Are you even trying to keep him alive?
My 17 year old son made his bed this morning so I texted him to make sure he was ok and not on drugs or something because as a parent you’re supposed to watch out for sudden, unusual behavior in your teens.
if you haven’t yet today pleaseeeee make sure you get in your hours and hours of screen time. you are your phone’s entire life. it misses you ♥️♥️🫶🏼🫶🏼 always remember this
My favourite machine at the gym is the television.
Boss asked if I was ready for more responsibility. I’m eating around a sticker on an apple cause I’m too lazy to peel it off so I guess no.
A thief has come into my home, and taken all but one of my sticks of mozzarella cheese.
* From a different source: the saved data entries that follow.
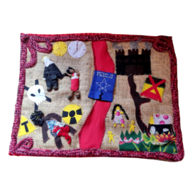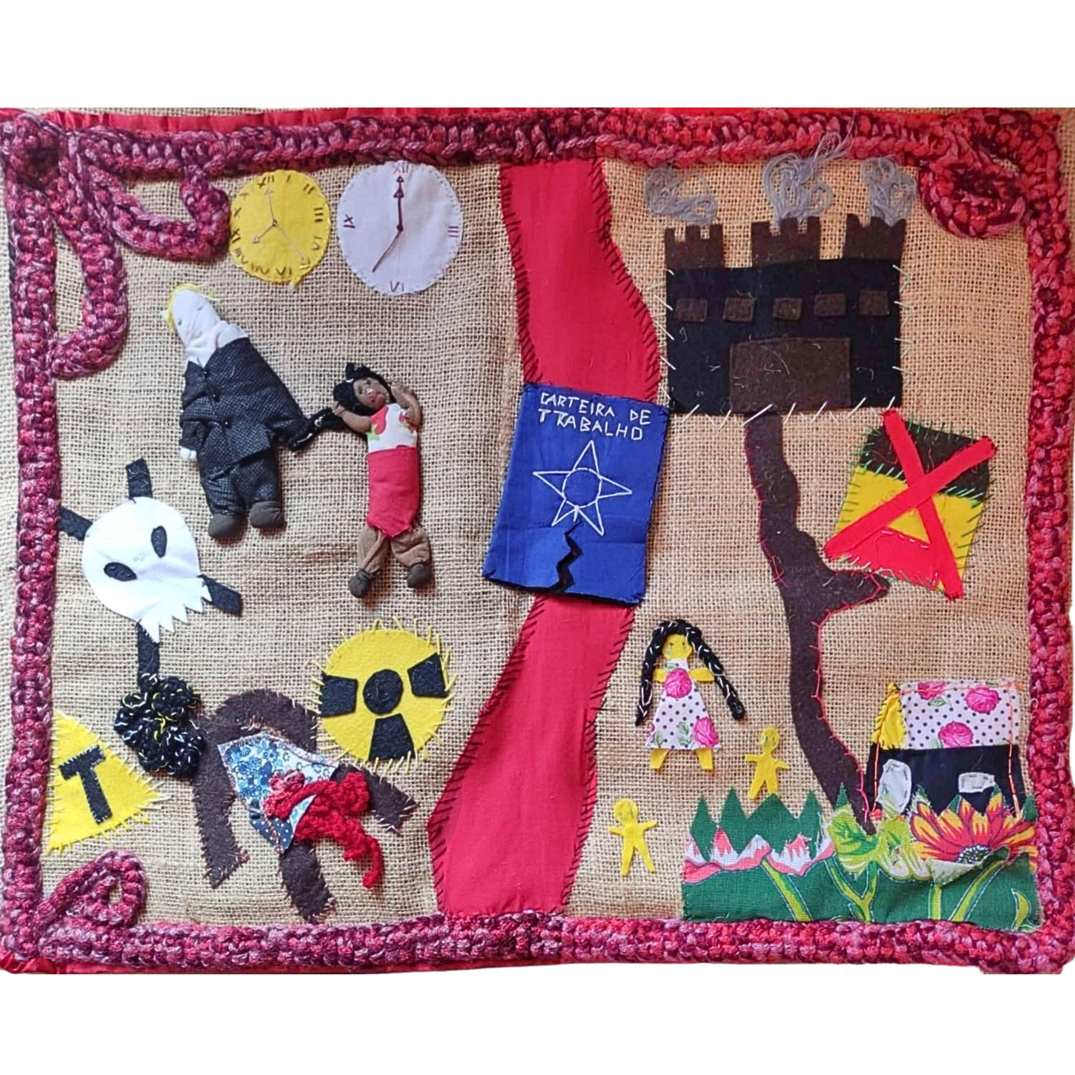 Nesta arpillera juntamos vários elementos do debate sobre a reforma trabalhista do governo golpista Michel Temer. A reforma trabalhista traz várias consequências negativas na vida das trabalhadoras e trabalhadores e, principalmente, na vida das mulheres do campo e da cidade. Temos uma jornada de trabalho triplo no cuidado com a família, os filhos e ainda sofremos com os vários tipos de violência, seja, no trabalho, em casa ou na rua. Com a nova reforma trabalhista, as mulheres irão trabalhar em locais insalubres, mesmo estando gestantes e estes locais apresentarem risco a vida de seu bebê podendo até abortar. Também a nova lei aumentará a jornada de trabalho, as mulheres não terão mais proteção perante os assédios sexuais no trabalho. Muitas creches serão fechadas e não teremos mais locais para deixar os filhos em segurança. Nossas carteiras de trabalho e todos os direitos trabalhistas foram totalmente rasgados.
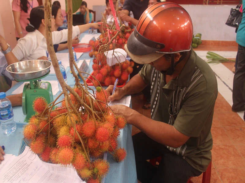Nông dân Nguyễn Tự Toại (xã Sơn Định, huyện Chợ Lách) tâm sự: “Năm nay tôi đem đến dự thi trái ngon với sản phẩm là chôm chôm nhãn. Trong quá trình làm vườn tôi đã trồng được giống chôm chôm nhãn có chùm trái sai, trái to, màu sắc đẹp hơn so với những nhà vườn khác nên rất háo hức đem dự thi vui chơi, giao lưu cùng các nhà vườn khác”.
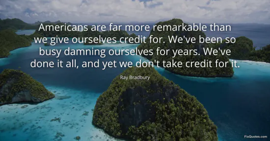 Bradbury, Ray. (2026, January 15). Americans are far more remarkable than we give ourselves credit for. We've been so busy damning ourselves for years. We've done it all, and yet we don't take credit for it. FixQuotes. https://fixquotes.com/quotes/americans-are-far-more-remarkable-than-we-give-163742/
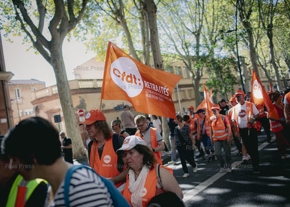 Légende : Toulouse, le 18 septembre 2025 - Cortège de la CFDT. Manifestation intersyndicale contre la politique du président et du gouvernement et pour peser sur les choix budgétaires à l'approche du projet de loi de finances pour 2026. PHOTO: Vincent NGUYEN / Riva Press ***
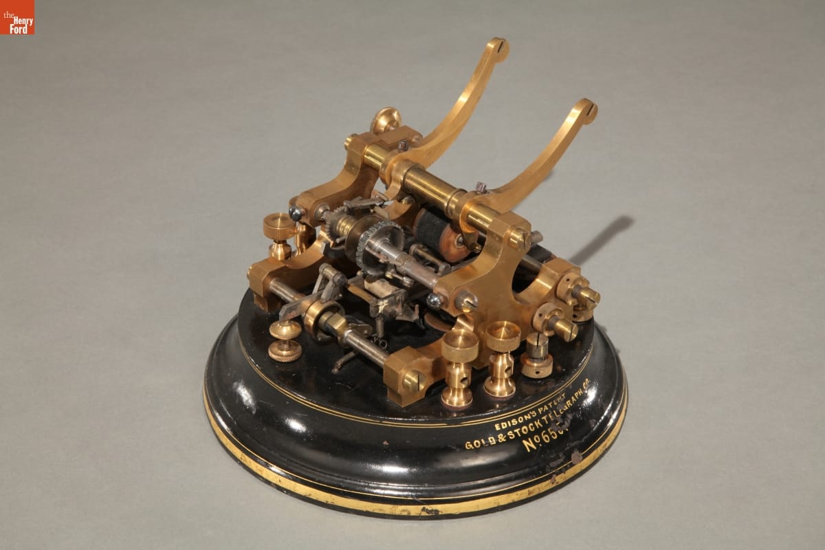 Painted on base: GOLD STOCK TELEGRAPH CO.; EDISON & UNGER MAKERS; NEWARK, N.J.;
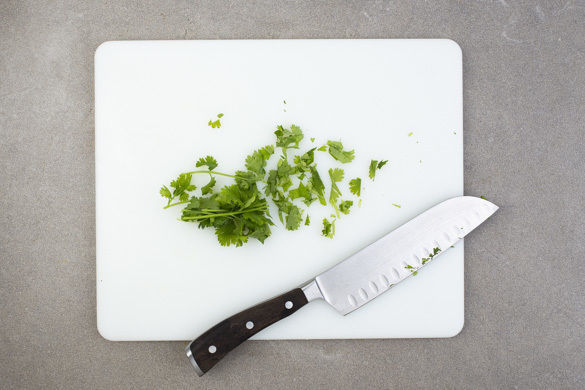 Die Korianderblätter von den Stängeln zupfen und grob schneiden. Das Hähnchen mit dem Blumenkohlreis und der Sauce anrichten und mit dem Koriander garniert servieren.
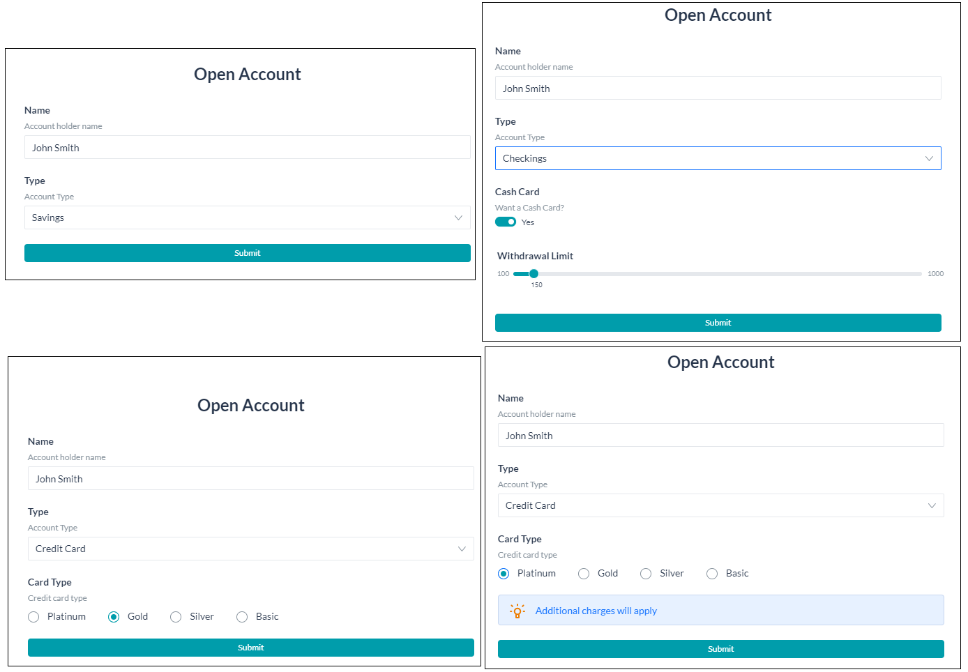 - Checkings – Whether Cash Card is required, if yes then the maximum withdrawal limit (range between $100 to $1000) to be enforced on that card;
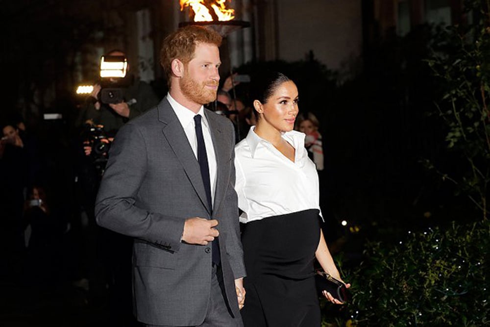Meghan, who recently announced she is pregnant with the couple's second child, wore an empire-style black dress with embroidery. Harry wore a light gray suit and white dress shirt, minus a tie.
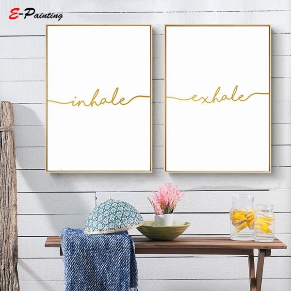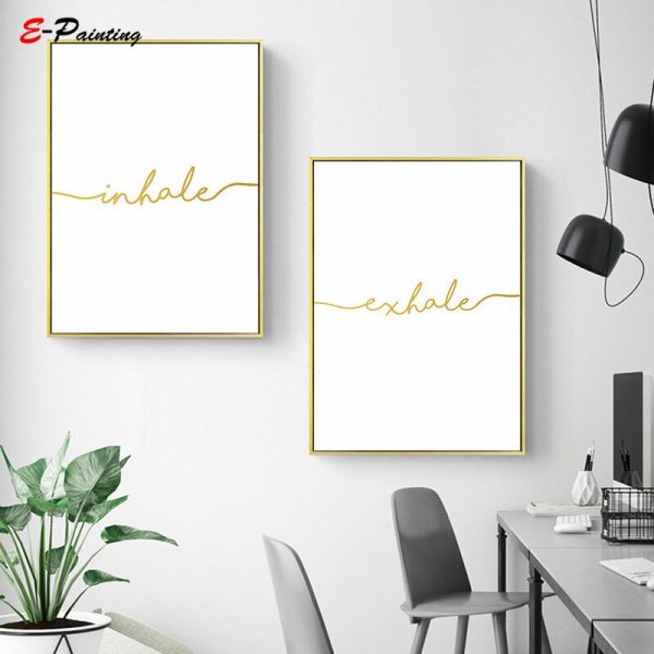 Canvas Art Inhale Exhale Golden Simple Quote Canvas Posters Prints Nordic Style Wall Art Painting Living Room Decor
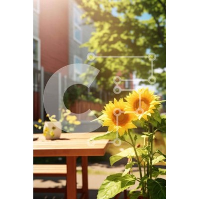 Υπάρχει δυνατότητα προσωποποίησης με δική σας φωτογραφία και προσαρμογής διαστάσεων κατόπιν παραγγελίας. Το συγεκεριμενο puzzle παρουσιαζει Η εικόνα δείχνει ένα ξύλινο τραπέζι με δύο ηλίανθους φυτεμένους στο κέντρο, που περιβάλλεται από φυτά σε γλάστρες. Ένα μικρό βάζο προσθέτει οπτικό ενδιαφέρον στη σκηνή. Ένα μοναδικό puzzle που συνδυάζει ποιότητα, αισθητική και εμπειρία. Υλικό: Κατασκευασμένο από ανθεκτικό κα
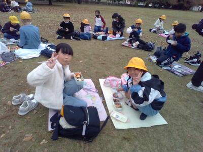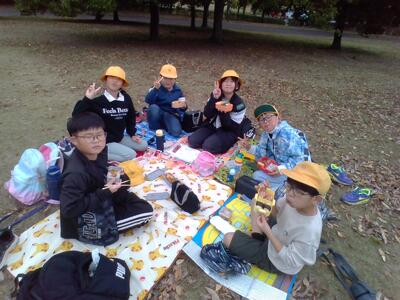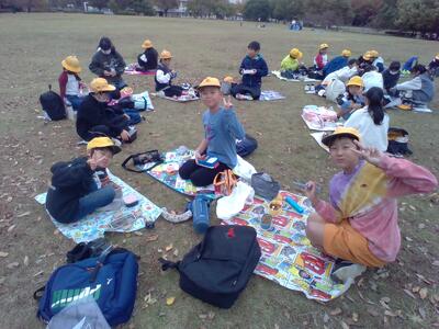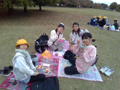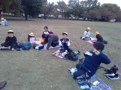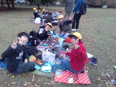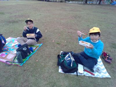 川越の運動公園で昼食です。みんな、お弁当を楽しみにしていました。おいしくいただきます。
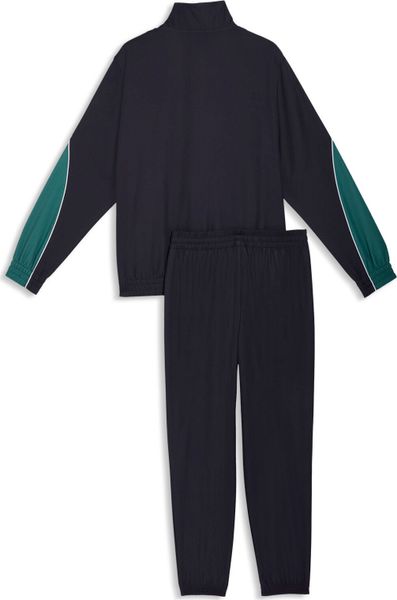 "The twill main material gives the suit a robust structure, while the stand-up collar and elasticated cuffs of the jacket ensure that you are protected from the wind. The drawstring trousers adapt perfectly to your movements and offer optimum comfort thanks to the mid-rise waistband and regular fit. Practical side pockets offer additional storage space for small items. The full-length zipper makes the jacket easy to put on and take off, which makes the suit particularly suitable for everyday wear. This suit is a must-have for anyone looking for classic PUMA energy that is made for movement."
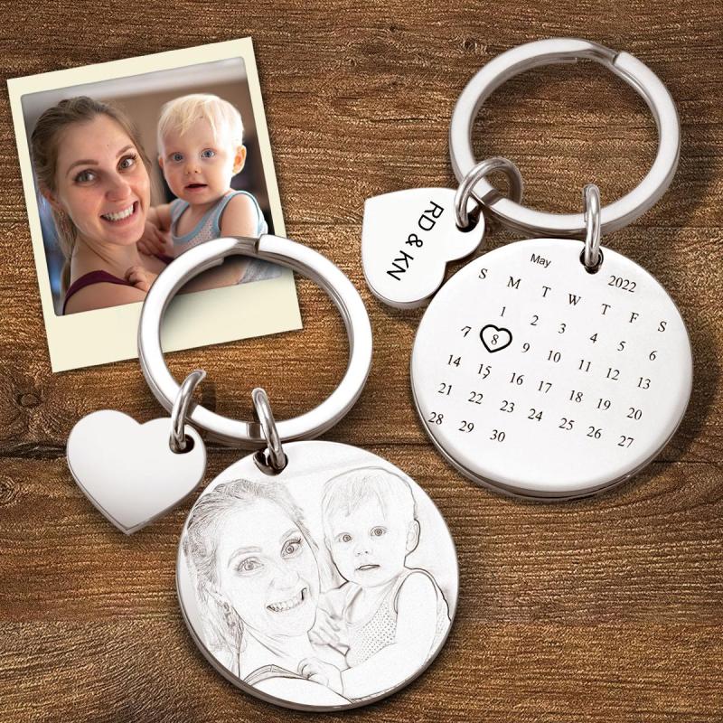 Custom Photo Engraved Keychain Date Save Keychain Significant Date Marker Custom Anniversary Gift For Mom

Everyone, lock your doors!
If you love Batman, let him go, because Batman Returns.
The cable company told me they would send a guy out and I need to be home between the hours of 1pm and 2014.
TOASTER OVEN: Do you really need another Hot Pocket?
ME: You shut your mouth
TO: If I shut my mouth will you stop putting Hot Pockets in it
Sorry I dropped you during the trust fall, I was going through your wallet.
Caught the neighbor kid teasing my dog, so his mom told me to yell at him any time I like.
I had a bad day, I’m gonna go see if he’s home.
outlook: I’m the most powerful office tool ever made. I can search every email you’ve ever received and keep track of the meetings you have six months from now
me: I would like to still view an attachment after someone replies to the email
outlook: [confused hissing]
“Can we stop for a second? I forgot everyone’s names again.” – me, if I was a character on Game of Thrones
What has 15 actors, 4 settings, 2 writers and 1 plot line?
632 Hallmark Christmas movies.
As a child I thought that growing up I’d be challenged to rap battles way more often than has actually happened.
Don’t ever mistake me for someone who hasn’t flirted with danger. I’ve got bitten by a Penguin. Twice.